Almost 60 years ago, the historian Richard Hofstadter described what he saw as the true goal of McCarthyism. “The real function of the Great Inquisition of the 1950s was not anything so simply rational as to turn up spies or prevent espionage,” he wrote, “or even to expose actual Communists, but to discharge resentments and frustrations, to punish, to satisfy enmities whose roots lay elsewhere than in the Communist issue itself.”

Likewise, in a much more recent book, “The Second Red Scare and the Unmaking of the New Deal Left,” the historian Landon R.Y. Storrs shows how conservatives used loyalty pledges to purge the federal bureaucracy of government officials “who hoped to advance economic and political democracy by empowering subordinated groups and setting limits on the pursuit of private profit.”

Verbatim excerpts follow:

The Red Scare [of the 1950s] is, in this view, less a sudden outburst of reactionary hysteria than a political project aimed directly at dismantling the New Deal order and ousting those who helped bring it into being, both inside and outside the federal government.

Without making a direct analogy between then and now, I think that this perspective is a useful one to have in mind as conservatives pursue yet another witch hunt against those they perceive as enemies of American society, using whatever state power they happen to have at their disposal. Both the crusade against “critical race theory” and the slanderous campaign against L.G.B.T.Q. educators and education are as much about undermining key public goods (and stigmatizing the people who support them) as they are about generating enthusiasm for the upcoming midterm elections.

To be clear, this isn’t some secret. Christopher Rufo, a right-wing provocateur who helped instigate both the panics against “critical race theory” and against L.G.B.T.Q. educators in schools, has openly said that he hopes to destroy public education in the United States. “We are right now preparing a strategy of laying siege to the institutions,” he said last November in an interview with my colleague Michelle Goldberg. In a recent speech, delivered to an audience at the conservative Hillsdale College, Rufo declared that “to get universal school choice you really need to operate from a premise of universal public school distrust.”

It’s not subtle.

***

With few exceptions (most notably a Michigan state lawmaker who loudly criticized and condemned one of her Republican colleagues for accusing her of attempting to “groom” and “sexualize” kindergartners), the Democratic Party has been conspicuously quiet as these panics metastasized, even as one of them — the attack on teaching the history of race in the United States — helped deliver the Virginia governor’s mansion to Republicans.

The theory seems to be that Democrats can only lose if they engage this culture war, and that they’ll be on safer ground if they can deliver in Washington and run on their policy achievements without getting into the muck with Republicans.

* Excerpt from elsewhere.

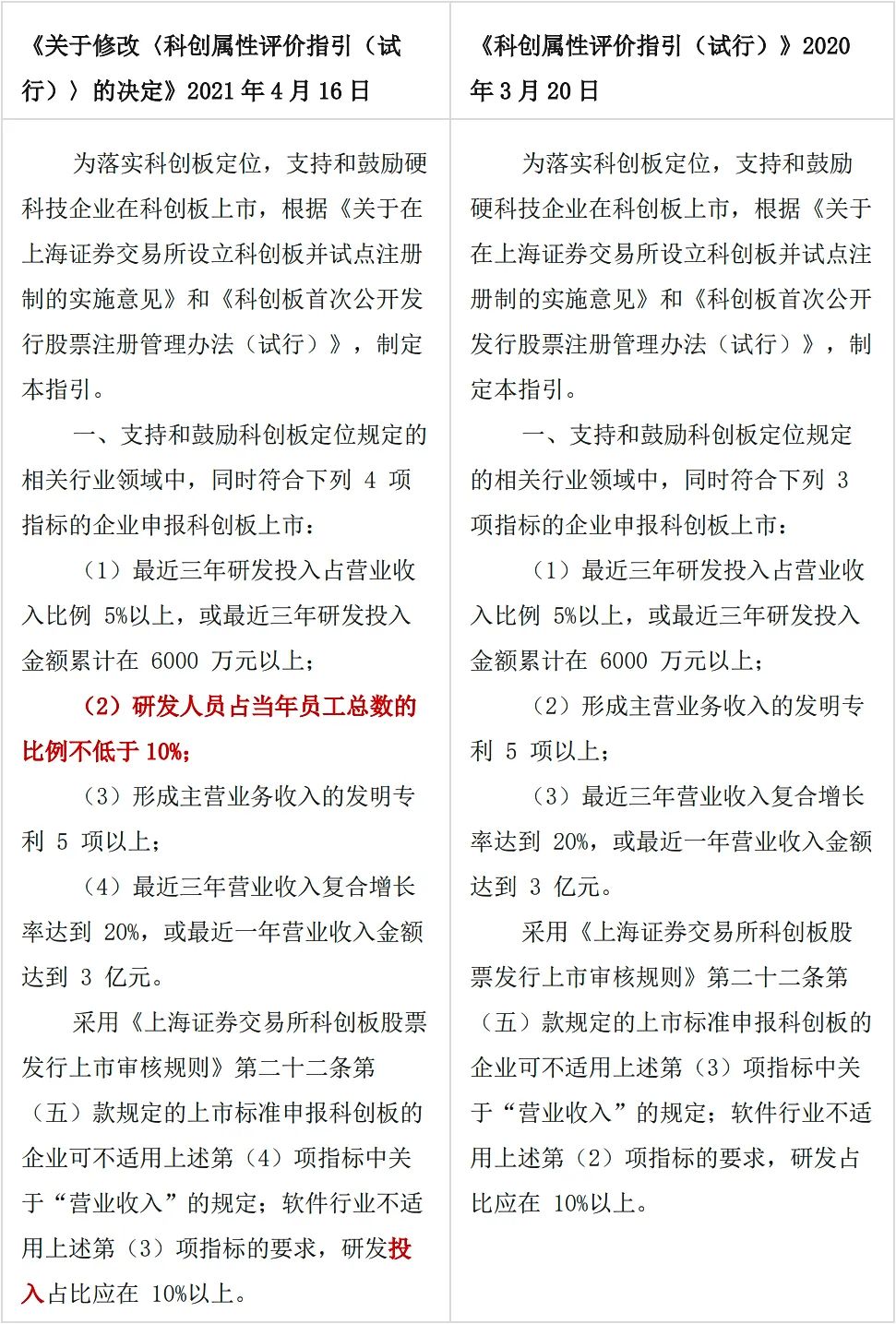 增加了研發人員占比的要求,系根據新評價指引進行了相應調整,具體評價詳見上文。

Democrats have notably not delivered on many of their promises. The bulk of President Biden’s agenda is stalled in Congress, and the White House has been reluctant to the point of timidity when it comes to the use of executive orders to achieve its goals. But even if that were not the case, this posture toward the culture war would be a mistake. These are not just attacks on individual teachers and schools; they don’t stigmatize just vulnerable children and their communities; they are the foundation for an assault on the very idea of public education, part of the long war against public goods and collective responsibility fought by conservatives on behalf of hierarchy and capital.

These are not distractions to ignore; they are battles to be won. The culture war is here, whether Democrats like it or not. The only alternative to fighting it is losing it.